I was sure it was a handle, now I feel like a fool  Thanks for letting us know.


----------



## DavidPF (Jan 4, 2021)

GBT-Splint said:


> I was sure it was a handle, now I feel like a fool


They do look amazingly similar - maybe the relative dimensions are different, IDK - I was totally fooled by the similarity of the pictures.


----------



## KenHash (Jan 4, 2021)

Without the cut out sections it does look just like a tool handle. The only notable difference being the ratio between the rounded handle and the squared portion.


----------



## OllieOllie (Nov 1, 2021)

Hi,

Anyone know where i get get one? Been looking around for days for this.


----------



## bsfsu (Nov 1, 2021)

I got mine from a tree


----------



## KenHash (Nov 1, 2021)

OllieChanSG said:


> Hi,
> 
> Anyone know where i get get one? Been looking around for days for this.
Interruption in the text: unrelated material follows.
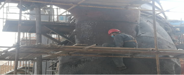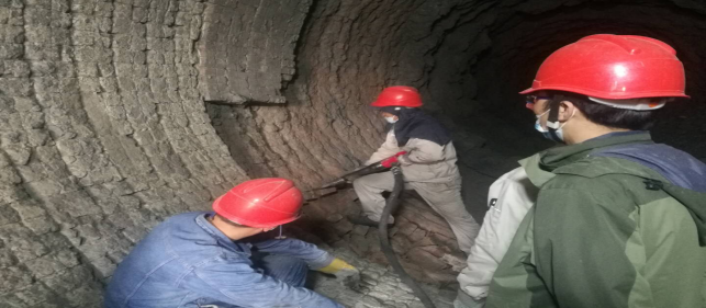 在回轉(zhuǎn)窯,做好更換窯磚前期準(zhǔn)備工作——清理深挖4米處窯皮、窯磚。
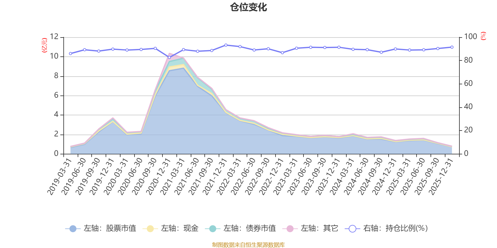 據(jù)定期報告數(shù)據(jù)統(tǒng)計(jì),近三年平均股票倉位為90.04%,同類平均為87.05%。2021年末基金達(dá)到93.24%的最高倉位,2020年末最低,為82.7%。

Hitohira sells them but in plain form. So you'd have to make your own cutouts.
Already cut out ones are sold in Japan but cost more.


----------



## OllieOllie (Nov 1, 2021)

KenHash said:


> Hitohira sells them but in plain form. So you'd have to make your own cutouts.
> Already cut out ones are sold in Japan but cost more.


Sold out on Hitohira. Trying to find it online but no luck. You have any idea where I can them? Do you know the Kanji for this? Haha I may have a better chance to find online.


----------



## KenHash (Nov 1, 2021)

OllieChanSG said:


> Sold out on Hitohira. Trying to find it online but no luck. You have any idea where I can them? Do you know the Kanji for this? Haha I may have a better chance to find online.



Hizumibo is usually written ひずみ棒。
They are available on Rakuten. Rakuten no longer has their Rakuten Global service, but I suppose you could use
one of those forwarding companies.
This site has an overseas order form：
修正棒 - 「研匠」光三郎 包丁の販売・研ぎ修理[海外発送可] (mitusaburo.jp)


----------



## OllieOllie (Nov 1, 2021)

Thank you very much for the info. I will check them out!

Have a great day! Thanks…


----------